The first two options (-a and -d) control whether a new database is created or an existing one is appended to.

By default, waisindex will index only the files you specify. If you use the -r switch, it will recursively index all the subdirectories and files underneath the starting directory.

You can speed up waisindex by giving it a large -mem parameter. Expressed in megabytes, this parameter is the amount of your system's virtual memory (not physical RAM) to be used in creating index databases. Using too high a number here might interfere with the computer's other tasks, so be careful if your system is busy. Running your indexing jobs in off hours, when the system is less busy, can enable you to use more memory. If the default memory utilization (with no -mem specification at all on the waisindex command line) slows your system down, use this argument to limit the amount of memory used rather than to increase it. This option should only be necessary for indexing large Intranets.

The two related options -register and -export might seem similar, but they do entirely different things. In order for you to make your WAIS index database fully searchable by WAIS clients, you must use the -export option. This option modifies the database.src file, making it possible for stand-alone WAIS clients to access the database over a network. Web browsers or CGI gateway scripts like waislook don't need this information.

Using the -export option does not advertise your index database to the Internet. This is what -register does. In freeWAIS, the -register option creates and sends an e-mail message to two main WAIS index registries on the Internet. In EMWAC WAIS, this option only tells you how to advertise your index database. The effect is a public Internet announcement that your index is available to be searched from anywhere. If you don't want to make your index universally available, don't use this option. Also, if your network is not connected to the Internet or is behind a network security firewall, the -register option is unlikely to be of any use.

Two options, -e and -l, enable you to control whether your WAIS server will create logfiles of its transactions (all the searches that are done) on your index. In addition, you can control how much logging takes place. The first option (-e logfile) tells the server that you want a log kept in the file logfile.

By default, if you have logging enabled, the most verbose logging is done. To reduce the amount of information that's logged, use the -l option with a number between 0 and 9. (Level 10 logging is the default if -e is used alone.) The lower the number, the less verbose the logging. If you use default logging, watch the size of your logfiles to ensure that they don't fill up your disk.

Rather than typing in a list of filenames on the waisindex command line, you may want to use other command-line utilities to prepare a list of files for you based on some criteria. You can then feed that list to waisindex using the -stdin option.

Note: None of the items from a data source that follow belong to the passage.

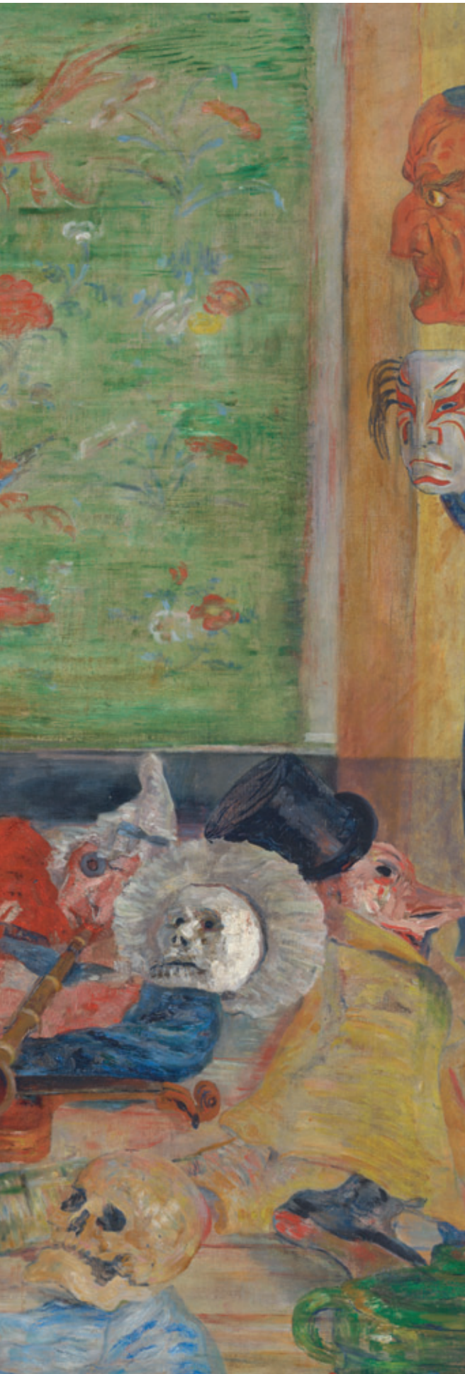
AFB. 19 James Ensor, De verbazing van het masker Wouse , 1889, olieverf op doek, 109 × 131 cm, Koninklijk Museum voor Schone Kunsten Antwerpen – Collectie Vlaamse Gemeenschap
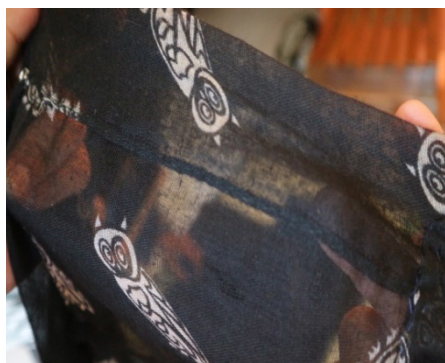
Gambar 1. Kebaya Hasil Manual (Pakai Tangan)

Rancangan kebaya yang dibuat oleh penjahit ada dua macam, yaitu secara manual dan dengan mesin. Hasil wawancara dengan ibu Tawen Sumitro, dia adalah istri dari bapak kuncen yaitu pa Sumitro sebagai penjahit yang menggunakan tangan. Pola dari pakaian tersebut hanya mengukur dari pakaian yang sudah ada sehingga tidak menyulitkan dalam mengukur badan. Proses pembuatan yang dilakukan bu Tawen yaitu dengan menjelujur dan bagian lipatan bawahnya di sum. Tetapi bahan yang sering digunakan menggunakan bahan yang agak transparan atau tipis sehingga mempermudah pembuatan kebaya tersebut. Berikut gambar kebaya hasil jahitan tangan pada salah satu bagiannya:
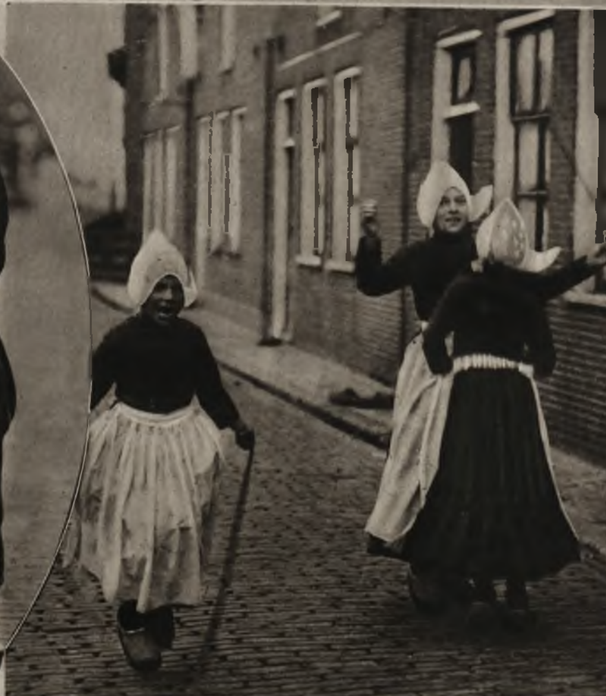
Trzy małe Holenderki akaczą przez sznurak w swych narodowych strojach.

W Holandji cygara są tańsze niż w wszystkich innych krajach europejskich. Dlatego nawet ci młodzi chłopcy nie nadwyręcają swego budżetu używając tej wątpliwej przyjemności.
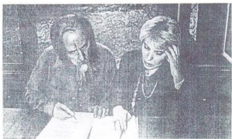
А.И. Солженицын и его жена Н.Д. Солженицына за работой.

Завершает знакомство с жизнью и творчеством А.И. Солженицына четвертая экспозиция. Она посвящена русскому великому писателю, лауреату Нобелевской премии А.И. Солженицыну. Основная мысль Нобелевской лекции, с которой выступает А.И. Солженицын, звучит очень ярко: "Одно слово правды весь мир перетянет". Именно эти слова писателя пронизывают все его произведения.
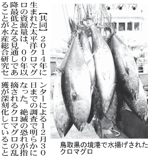
鳥取県の港で水揚げされたクロマグロ

【共同】2014年に生まれた太平洋クロマグロの資源量は、00年以降最低となる見通しであることが水産総合研究センターによる12月30日までの調査で明らかになった。絶滅の恐れが指摘されるクロマグロの乱獲が深刻化していること
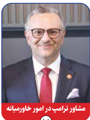
مشاور ترامپ در امور خاورمیانه

سبزه روز دیگر، دونالد ترامپ بار دیگر به کاخ سفید بازمی‌گردد تا بعد از «گروور کلیوند» دومین رئیس جمهوری در تاریخ آمریکا لقب بگیرد که پس از وقفه‌ای ۴ ساله به کاخ سفید بازمی‌گردد. مؤسس ترامپسیسم، با تجربه دوره قبل خود این بار آماده است تا مرزهای قدرت و قانون را به چالش بکشد و برای این هدف حلقه‌ای از وفاداران را دور خود جمع کرده است. علاقه‌مندی که بیش از اینکه تابع حزب جمهوری خواه و ساختارهای رسمی قدرت باشند، پیروی کامل از امیال رئیس جمهوری، میثاق آنها در دولت دوم ترامپ خواهد بود. ترامپ توانسته سیاست ایالات متحده را بازتعریف کند. سه انتخاباتی که ترامپ در آنها شرکت کرده - در سال‌های ۲۰۱۶، ۲۰۲۰ و ۲۰۲۴ - دوران جدیدی از سیاست را ارائه می‌کنند: دوره‌ای که با نام پوپولیسم محافظه کارانه دونالد ترامپ تعریف می‌شود. به نوشته نیویورک تایمز تا قبل از ترامپ، چیزهای زیادی در مورد سیاست آمریکا وجود داشت که می‌شد آنها را بدیهی فرض کرد. معنای دو طرف (دوقطبی) جمهوری خواه - دموکرات) روشن به نظر می‌رسید. جمهوری خواهان نماینده چهار شاخص محافظه‌کاری اقتصادی، دولت کوچک، راست کیسی مذهبی و شاهین‌های سیاست خارجی رنگینی بودند. دموکرات‌ها نیز نماینده طبقه کارگر، تغییرات اجتماعی و جنبش‌های لیبرالی بودند. اما با ورود ترامپ به صحنه، همه چیز تغییر کرد. به نظر می‌رسد که دو حزب جایگاه خود را
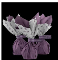
Rabitos Royale White rb200

Rabitos Royale Dark – Fylld med mörk chokladtryffel med smak av Cognac, doppade i mörk choklad. Ljuvliga till ett glas Cava eller Portvin.
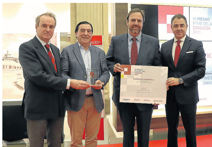
Entrega del Premio Pyme del Año a Diagnostica Longwood.

satisfacer las necesidades del profesional de laboratorio, especializándose con el paso de los años en el diagnóstico molecular. A través de la innovación, la mejora constante y la apuesta permanente por la integración de nuevas tecnologías, la empresa se ha convertido en la compañía líder en inmunología de trasplante.
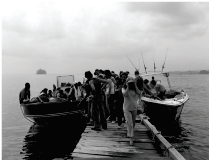
Foto 7. Llegada desordenada de turistas en el muelle de la vereda Triganá.
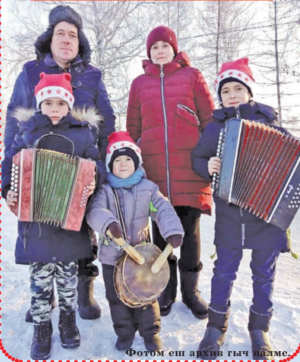
Фотом еш архив гыч палме.

Илья тений икымше гана парт коклашке шинчын. Шиялтыш дене шокташ тунемеш. Тудым Л.И.Данилова семүзгар дене палымым ышта.
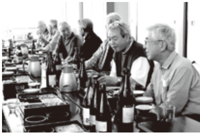
風呂上がりのビールでご満悦
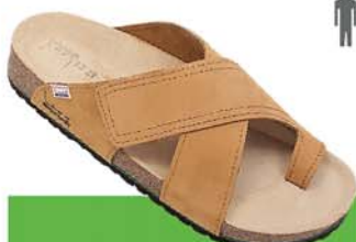
44 / ZEUS
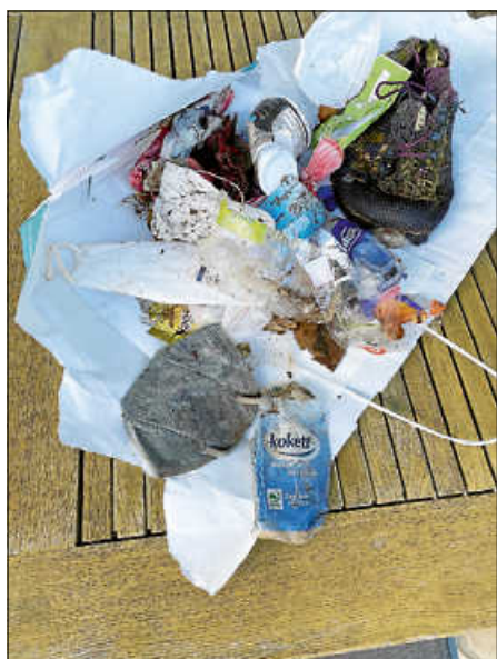
Wilder Müll, im Wald gesammelt
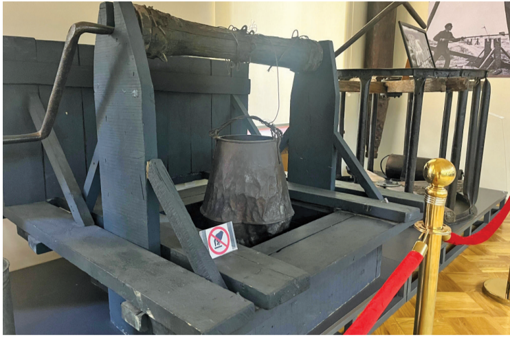
Əvvəlki səh. 1-də

Əlamətdar gün ərəfəsində muzeydə neft sənayesinin tarixinə səyahət elədik.
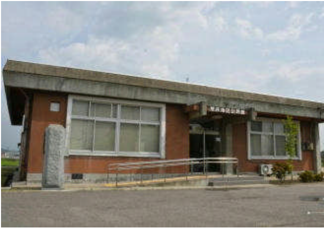
▲測定所が開設される荒井地区公民館

現在、農産物の放射性物質の測定は、本宮・白沢の2カ所で行っていますが、さらに測定環境の強化を図るため、新たに荒井地区公民館内に測定所を7月20日に開設します。農産物の測定には、従来と同様に事前予約が必要です。事前予約の受付開始は7月17日からとなります。
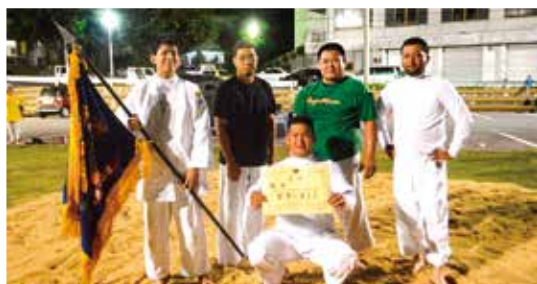
▲沖縄角力競技優勝の屋嘉区チーム

7月14日(土)会場 金武公会堂前広場 優 勝・・屋嘉区 (2年ぶり8回目) 準優勝・・四 区
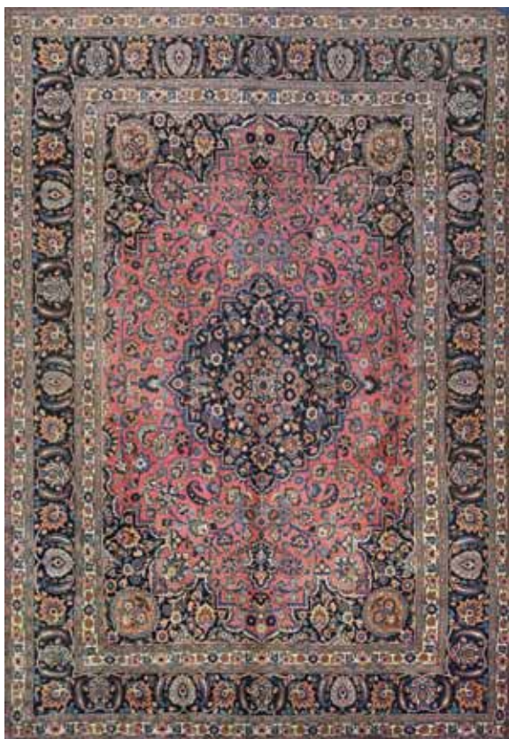
IR-MESCHED 250402 305x392
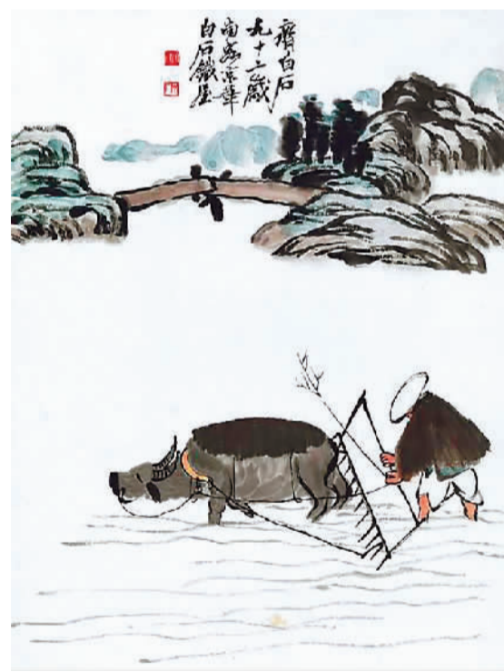
农耕图 (中国画) 齐白石
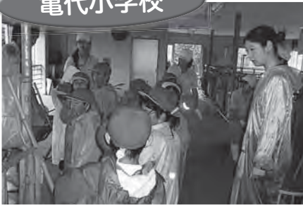
4班に分かれて、ポニー・豚・牛・鶏・ウサギと触れ合い体験をしました。
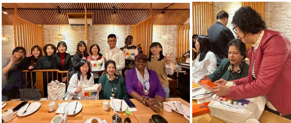
圖2.6 論壇後與談者們餐敘以促進及深化雙方交流
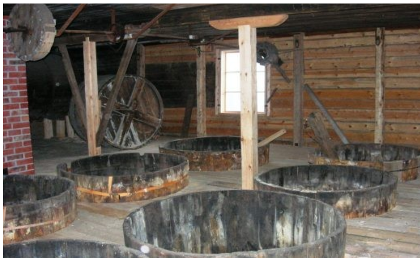
Märkäverstaas Portaan Nahkurinverstaalla. http://www.nahkurinverstaas.fi/

Suutarinverstaalla tehtiin myös rukkasia ja satulasepän töitä, joissa käytettiin suutarin työkaluja. Satulasepät tekivät pääasiassa hevosaluja ja muita hevosaluja, kuten päitsiä ja kuolaimia sekä silavaljaita. Nahkaan saatiin erilaisilla reikäraudoilla tehdyksi reikiä heloja ja niittejä varten. Satulaseppä käytti työssään myös ompelupihtiä, joka oli noin metrin mittainen pihti, jota yhdisti metallisarana. Ommeltavat nahkat asetettiin pihdin leukojen väliin ja leuat puristettiin polvilla yhteen, jolloin nahkat saatiin ommeltua kiinni toisiinsa pikilangalla. Satulasepällä oli myös omalaatuinen veitsi nahkan ja hihnojen leikkaamista varten. Veitsen terä oli puolikuun muotoinen ja sillä leikattiin nahkaa edestakaisella liikkeellä.
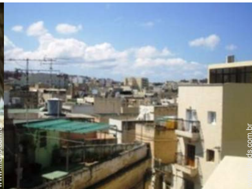
vista a partir do terraço sobre telhado
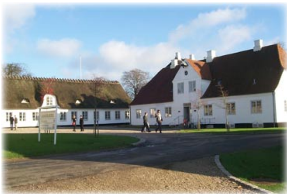
De spøjte på Sandbjerg Slot, men der var alvor bag skæmten da det nye Institut for Historie og Områdestudier blev forsøstret i august.

Eftermiddagen gik så med syv på forhånd af deltagerne foreslåede og valgte workshops om fx kønsperspektiver, komparation, kulturmøder, det 20. århundrede og instituttet om 10 år med påfølgende plenum. Her kom entusiasmen for alvor op til overfladen, og resultatet blev et hav af forslag til forskningsmæssige, undervisningsmæssige og organisatoriske tiltag på tværs af de gamle grænser.
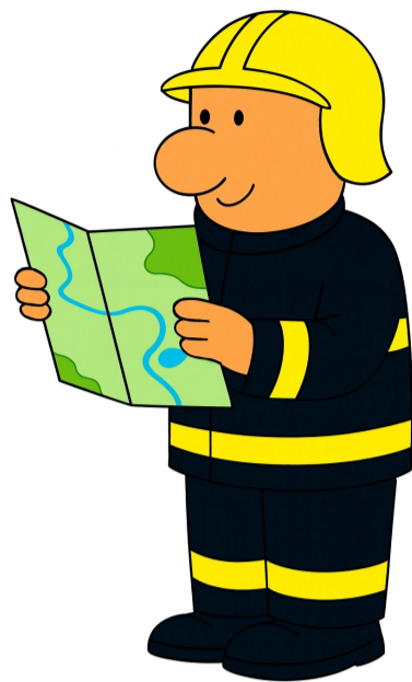
K2 Orientace v přírodě
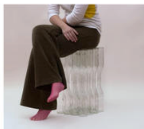
Bottle Seat 27 bottles, 30 pieces 500 x 150 x 350 mm 2004

Ιδέα για «πράσινη» επιχειρηματική δραστηριότητα (στο πλαίσιο του προγράμματος Μάθηση και Επιχειρείν ):
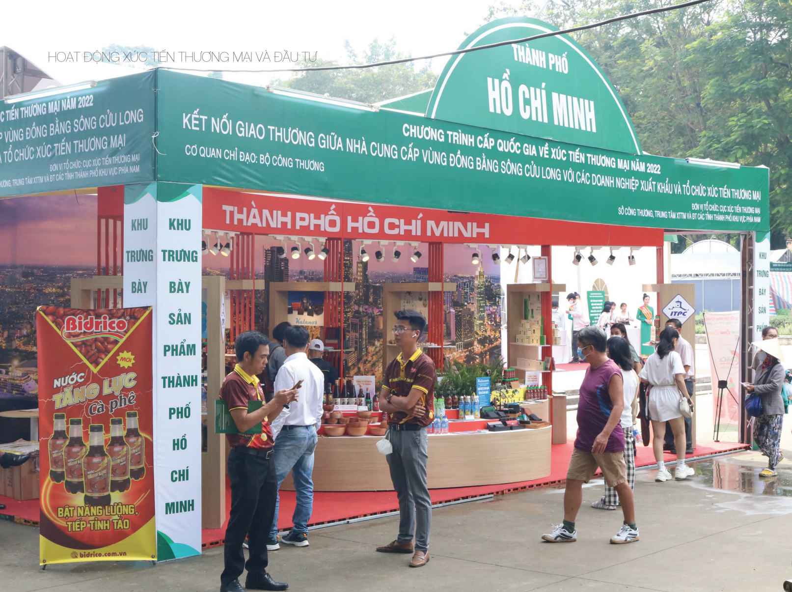
Gian hàng "Thành phố Hồ Chí Minh" do ITPC tham gia thiết kế - tổ chức tại "Chương trình Kết nối giao thương giữa nhà cung cấp vùng Đồng bằng sông Cửu Long với các doanh nghiệp xuất khẩu và tổ chức xúc tiến thương mại".
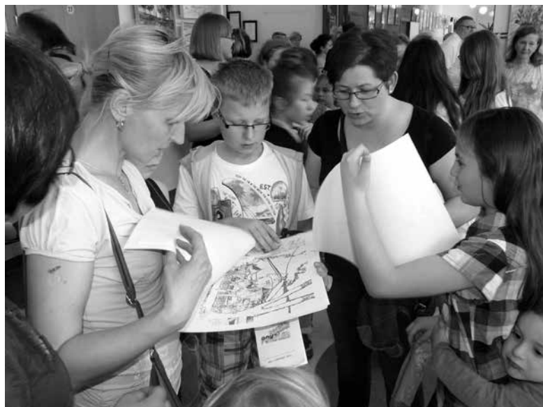
Wernisaz wystawy „Pejzaż pokoleń”.
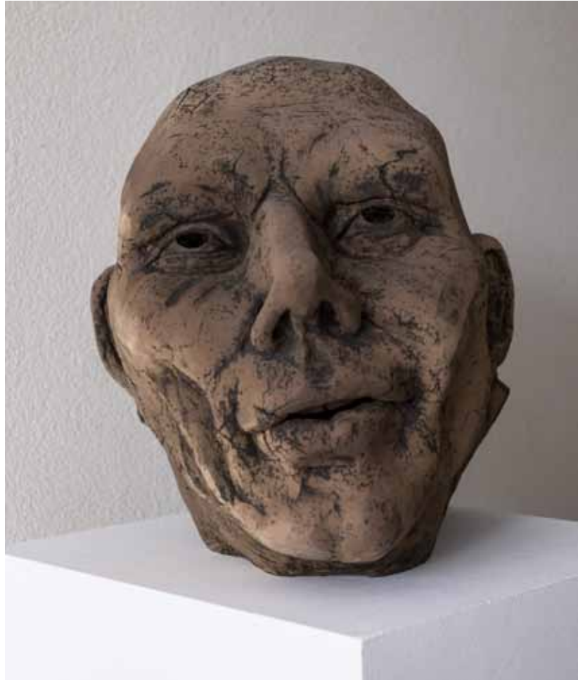
BELIEVER 55 x 58 x 58 cm

aardewerk Oxiderend gebakken 1080° Sinterengobe Hand opgebouwd
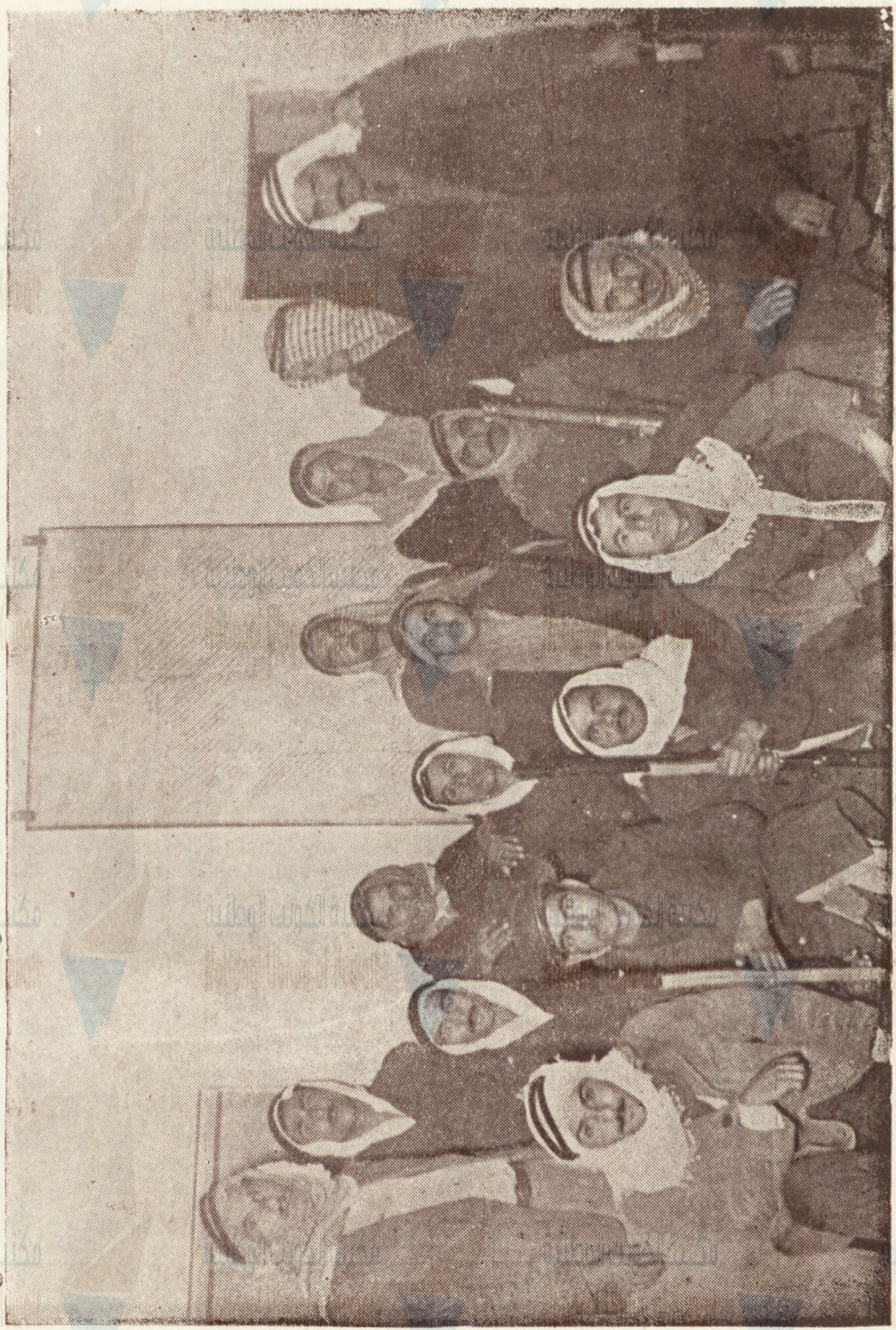
رجال الحرس الوطني ببلدة قفيلية . وكم تعرض هؤلاء الأبطال لهجوم اليهود الفادر فصدوا له وردوا المعتدين على اعقابهم على قلة ذخيرتهم وضعف تسليحتهم

One of the files created by waisindex is known as the catalog file. This file contains the headline of every document in a WAIS index database. If your database is large, this file can get quite large. It's really nothing more than a long list of the files in your database, annotated with a descriptive headline. Failed searches may result in the headline file being returned to your customer, and a long list of headlines may or may not be helpful. The catalog file is not required for the WAIS server to function or for your customers to do searches, so you can dispense with it if you're short on disk space by running waisindex with the -nocat option.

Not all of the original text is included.